– Григорием, – почтительно ответил я.
– Ладно. Я тебя буду называть Гарри. Гарри! Возьми платяную щетку и счисти с меня мел.
Я почистил его платье, подал пальто, и мы вышли, незнакомые еще друг с другом, чужие…
Я был молчалив и шагал сзади, усталый, перемазанный мелом, а он, легкой молодцеватой походкой, шел впереди, насвистывая прекрасный мелодичный мотив.
Мы пришли в лучшую гостиницу города. Непосредственно за этим очутились в прекрасном номере из двух комнат, служившем, очевидно, моему хозяину временной квартирой.
Я снял с него пальто и остановился у дверей.
Он развалился на диване, забросил ноги на его спинку и сказал:
– Гарри!
– Что угодно?
– Ты мне нравишься, Гарри. Сегодня я хочу поужинать с тобой, причем разрешаю держать себя со мной как с равным. Слуга на сегодня – к черту!
Я подошел к другому дивану, лег на него, задравши ноги, и весело сказал:
– А каким ужином ты бы меня, милый человек, накормил? Э?
– Позвони, пожалуйста, мы сейчас обсудим это с метрдотелем. Кнопка у дверей.
– Позвони, пожалуйста, лучше ты. Я дьявольски устал. Кнопка у дверей…
Через десять минут мы сидели за прекрасным обильным ужином.
Мой хозяин, которого на сегодня мне было разрешено называть Мишей, был мил, добродушен и джентльменски вежлив.
– Гарри! – повторял он, наливая мне вина. – Ты настоящий парень.
В знак благодарности я небрежно кивал головой.
– Может, ты, Гарри, интересуешься знать, кто я такой? Я, брат, уфимский помещик Михаил Петрович Дыбин. Да… Помещик я. Две тысячи десятин земли, имение, мельница, образцовый питомник.
Я равнодушно зевнул.
– Две тысячи? Удобной много?
– Много.
Он помолчал, подлил мне вина и потом, положив свою руку на мою, весело воскликнул:
– Нравишься ты мне, Гарри! Ты – настоящий парень. Знаешь, Гарри, соврал я тебе. Никакой я не помещик, и земли у меня удобной нет. В этом смысле вся земля нашей планеты для меня неудобная, потому что не моя. Меня смешит: откуда это я про питомник взял? Скажешь и сам не знаешь, как это оно вышло.

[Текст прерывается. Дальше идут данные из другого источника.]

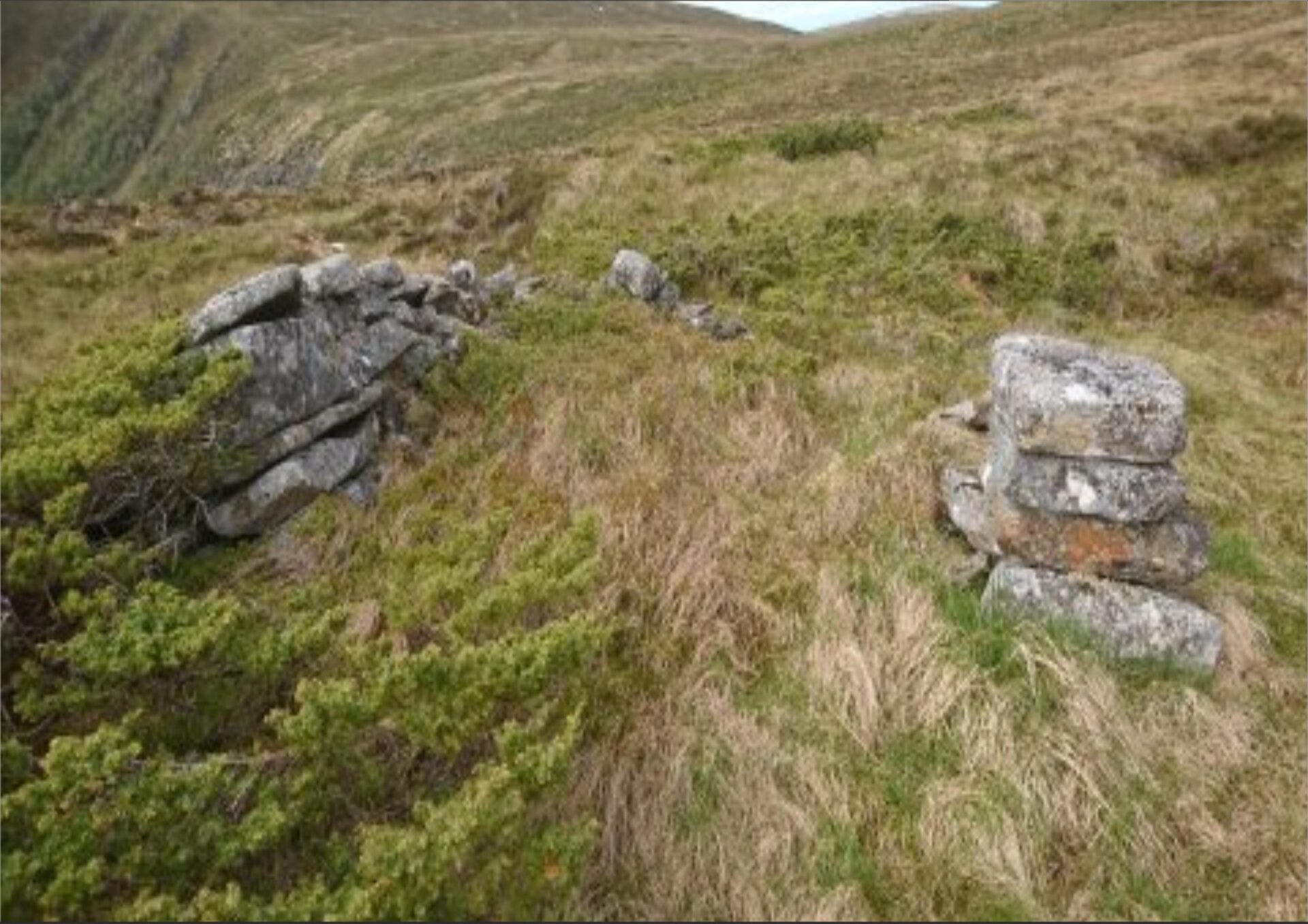 | Beskriving | Murrestar, nedgrodd inne. Kanskje torvtak som har falle ned. Ligg nær stien. |
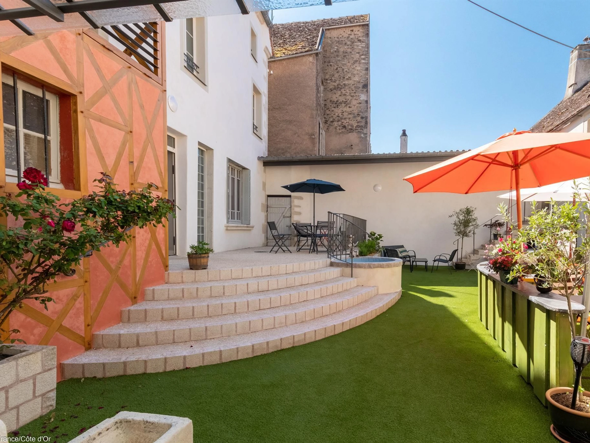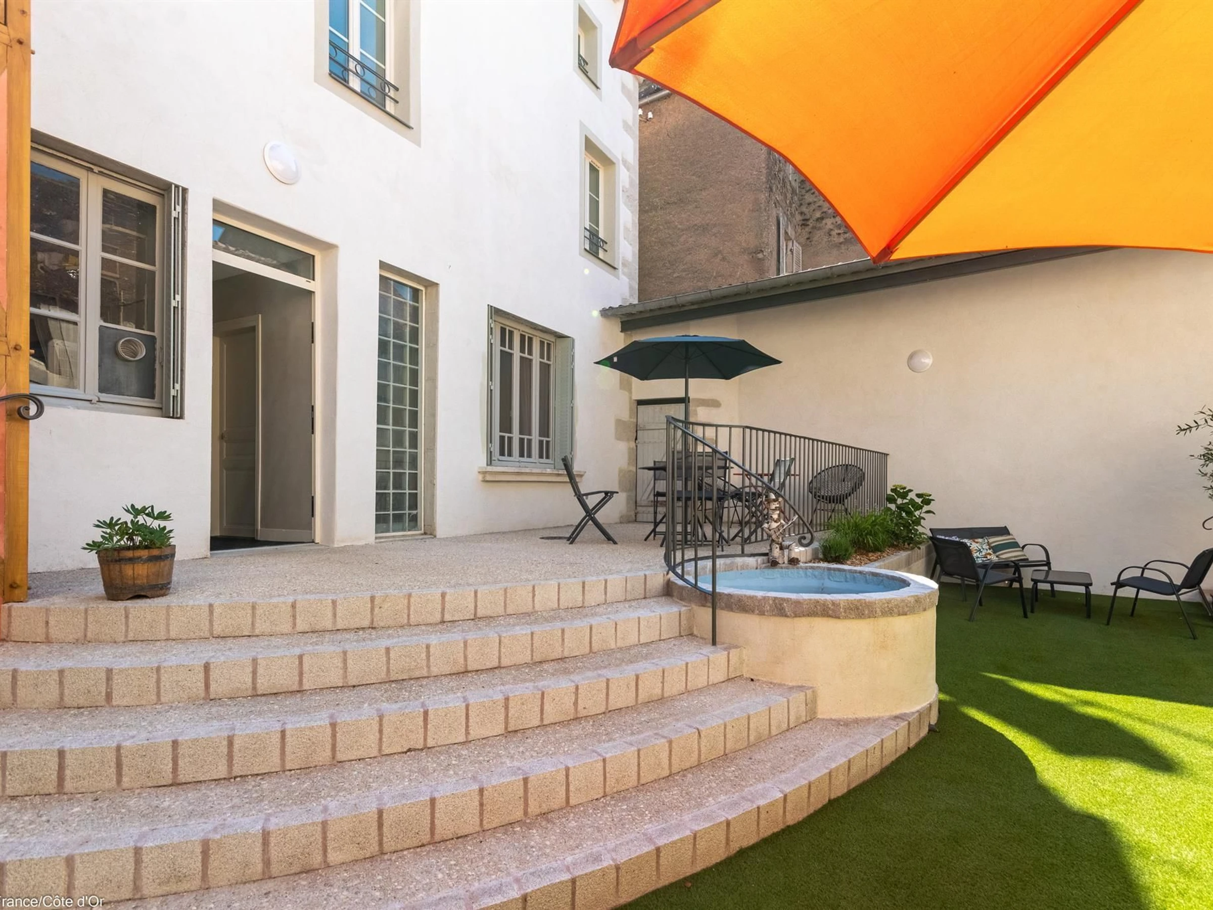 Gîte-Mieter können im Innenhof eine Terrasse mit Gartenmöbeln nutzen. Öffentliche Parkplätze stehen an der Straße zur Verfügung. Ein gemeinsamer Fahrradabstellplatz befindet sich im Gebäude. In Époisses: ein Schloss aus dem 6. Jahrhundert, eine Käserei, ein im Sommer geöffnetes Schwimmbad, Restaurants, Geschäfte und ein Supermarkt. In der Nähe der Sehenswürdigkeiten des Auxois: die mittelalterlichen Dörfer Semur-en-Auxois und Flavigny-sur-Ozerain, das Schloss Bussy-Rabutin, die Abtei von Fontenay (Weltkulturerbe) und der Alésia-Museumspark. Zahlreiche Wanderwege befinden sich in der Nähe. Der Pont-See.
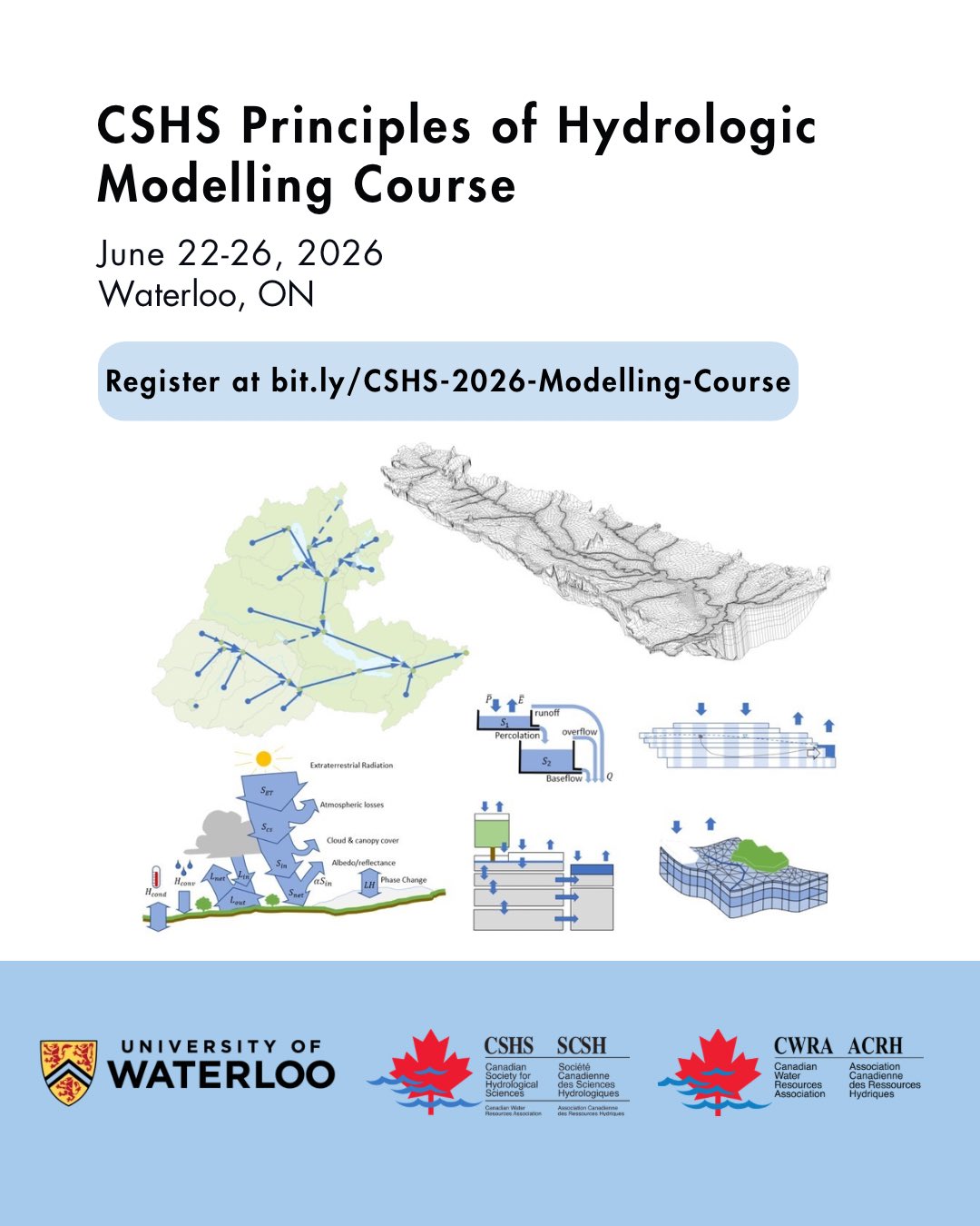 📣 We are thrilled to announce that registration for the #CSHS Principles of Hydrologic Modelling Course is now open!

– Ничего, Миша, – улыбнулся я. – Ты меня не обидел этим.
Мы чокнулись.
– Да, брат. Где там быть мне помещиком… Живу я с того, что имею в Тифлисе дом. Купец я. Домина доходный, на Арнаутской улице… Только управляющий жулик.
– А ты его прогони, – посоветовал я, разрезая рябчика.
– Прогоню, – пообещал Миша.
Потом, выпив залпом стакан хереса, он хлопнул меня по плечу и залился хохотом.
– Гарри! А ведь это я тебе соврал. Врешь вот и сам не знаешь – зачем? Никакой я не купец и не помещик, и дома у меня нет, и насчет управляющего я не имею права сказать дурного слова, потому что управляющего-то нет… Гарри! Ты, я вижу, стоящий парень и без предрассудков… Знаешь, кто я?
– Генерал от инфантерии? – добродушно спросил я.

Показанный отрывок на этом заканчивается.